If I had to collapse this report into one architectural decision, it would be:

Paperclip should not implement "an OpenCode-style generic in-process hook system." Paperclip should implement "a plugin platform with multiple trust tiers":

• trusted platform modules for low-level runtime integration
• typed out-of-process plugins for instance-wide integrations and automation
• schema-driven UI contributions
• core-owned invariants that plugins can observe and act around, but not replace

That gets the upside of opencode's extensibility without importing the wrong threat model.

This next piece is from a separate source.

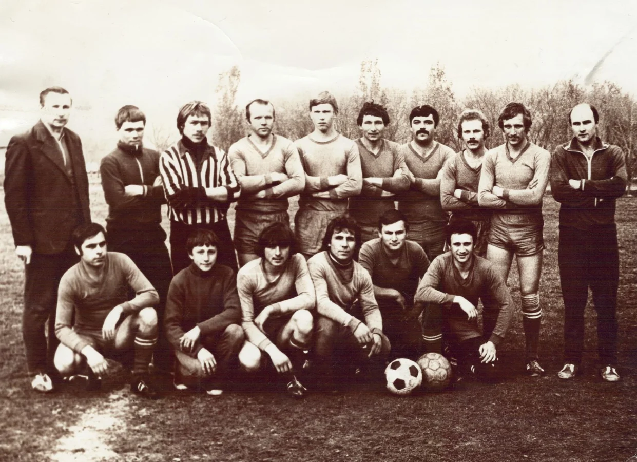 "Коли приїжджала команда з іншого села, наш стадіон був заповнений глядачами. Це було справжнє свято футболу, і ми завжди були в призерах!" — пригадує Микола Соколов, який був учителем фізкультури, гравцем і тренером команди "Колос". На фото 1978 року він — капітан команди, крайній справа.

Concrete Next Steps I Would Take In Paperclip

1. Write a short extension architecture RFC that formalizes the distinction between platform modules and plugins.
2. Introduce a small plugin manifest type in packages/shared and a plugins install/config section in the instance config.
3. Build a typed domain event bus around existing activity/live-event patterns, but keep core invariants non-hookable.
4. Implement connector-plugin MVP only: global install/config, secret refs, jobs, webhooks, settings panel, dashboard widget.
5. Treat workspace features as a separate track that starts by building core workspace primitives, not raw plugin hooks.